▶ WHAT TO DO: Copy everything in the data below exactly except the pictures.
START DATA PROVIDED
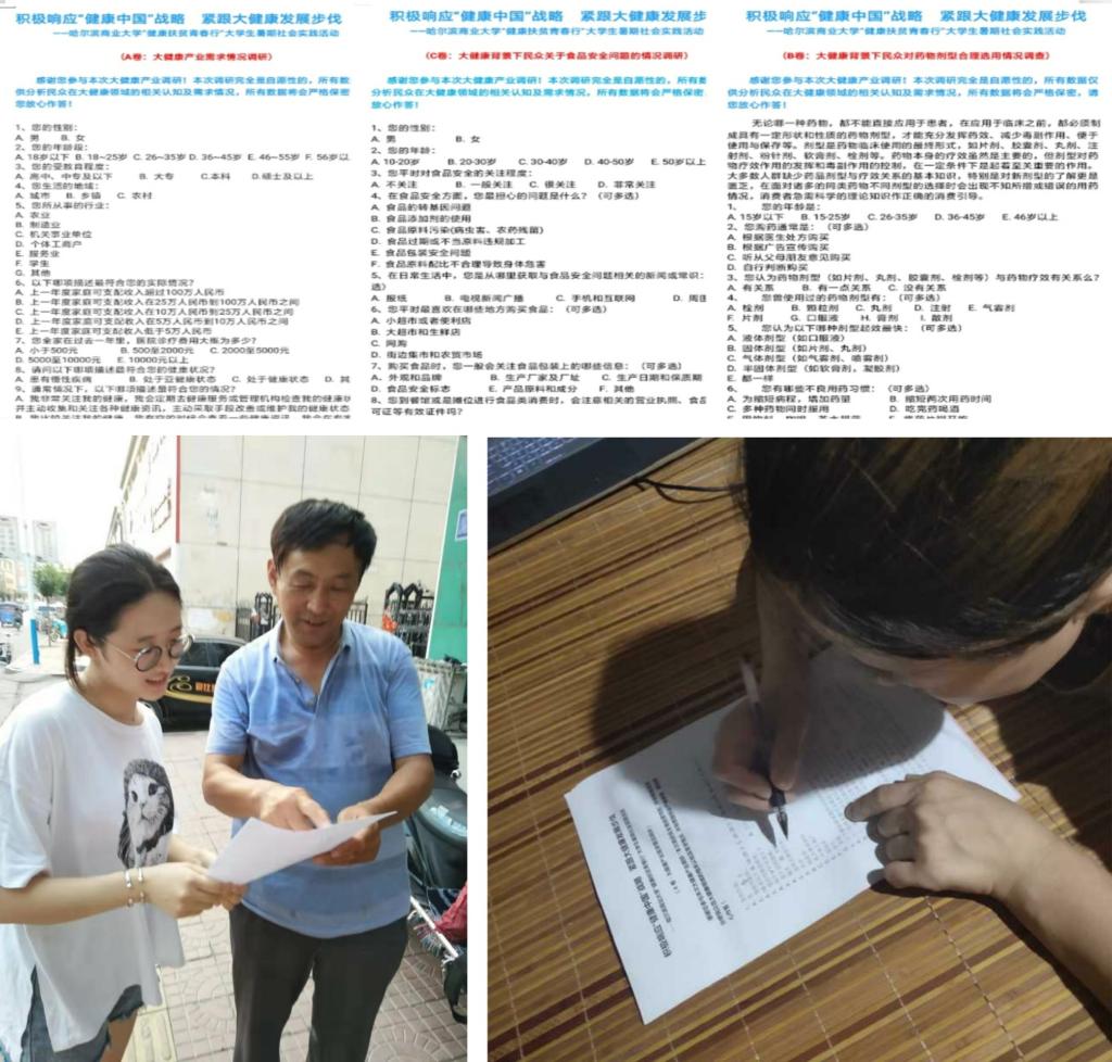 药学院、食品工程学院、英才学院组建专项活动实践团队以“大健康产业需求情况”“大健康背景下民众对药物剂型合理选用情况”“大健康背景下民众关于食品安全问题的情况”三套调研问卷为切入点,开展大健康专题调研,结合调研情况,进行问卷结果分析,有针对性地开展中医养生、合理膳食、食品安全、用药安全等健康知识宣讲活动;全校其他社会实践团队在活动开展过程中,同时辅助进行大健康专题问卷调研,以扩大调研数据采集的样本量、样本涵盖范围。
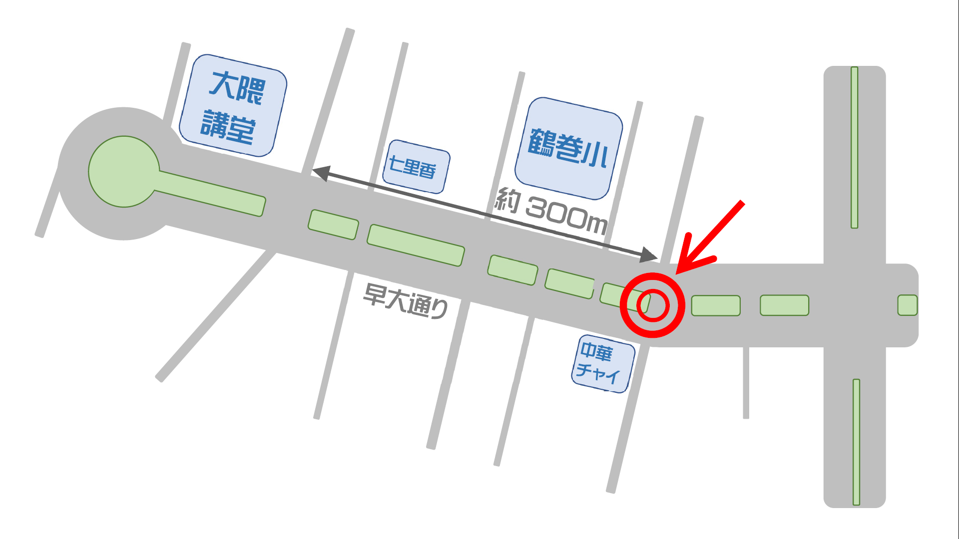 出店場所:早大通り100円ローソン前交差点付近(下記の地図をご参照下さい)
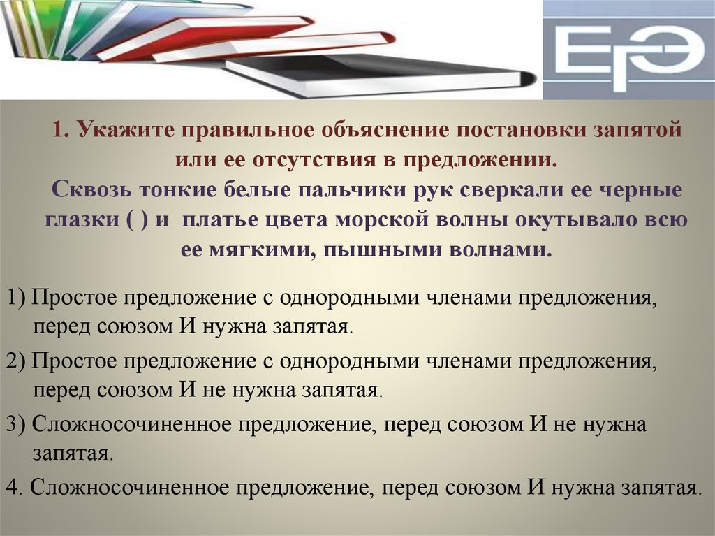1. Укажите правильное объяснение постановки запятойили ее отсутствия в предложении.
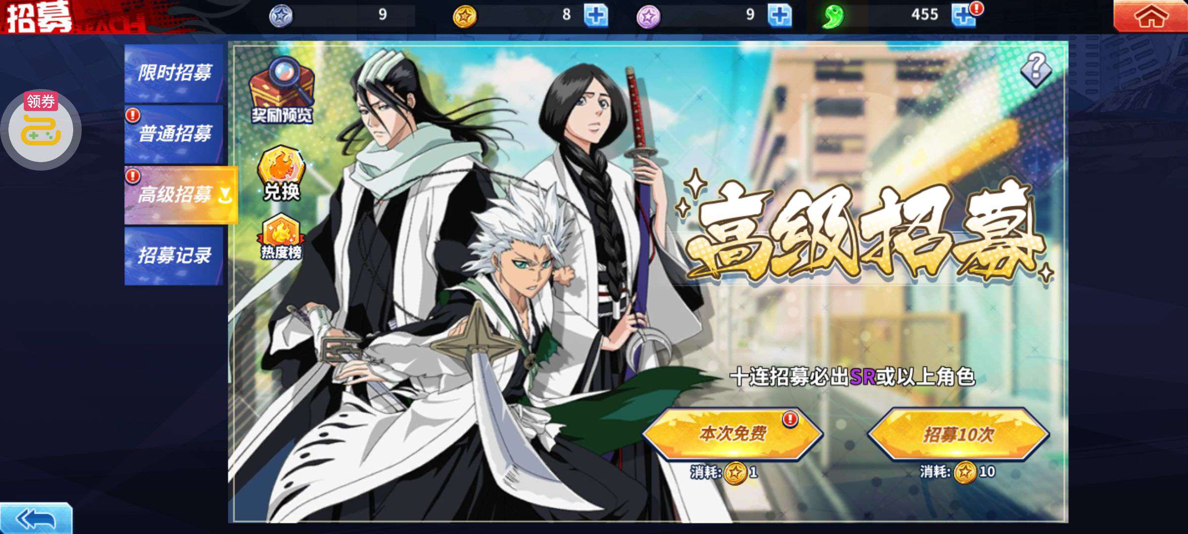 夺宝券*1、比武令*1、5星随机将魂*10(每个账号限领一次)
END DATA PROVIDED
▶ SOLUTION:
 药学院、食品工程学院、英才学院组建专项活动实践团队以“大健康产业需求情况”“大健康背景下民众对药物剂型合理选用情况”“大健康背景下民众关于食品安全问题的情况”三套调研问卷为切入点,开展大健康专题调研,结合调研情况,进行问卷结果分析,有针对性地开展中医养生、合理膳食、食品安全、用药安全等健康知识宣讲活动;全校其他社会实践团队在活动开展过程中,同时辅助进行大健康专题问卷调研,以扩大调研数据采集的样本量、样本涵盖范围。
 出店場所:早大通り100円ローソン前交差点付近(下記の地図をご参照下さい)
1. Укажите правильное объяснение постановки запятойили ее отсутствия в предложении.
 夺宝券*1、比武令*1、5星随机将魂*10(每个账号限领一次)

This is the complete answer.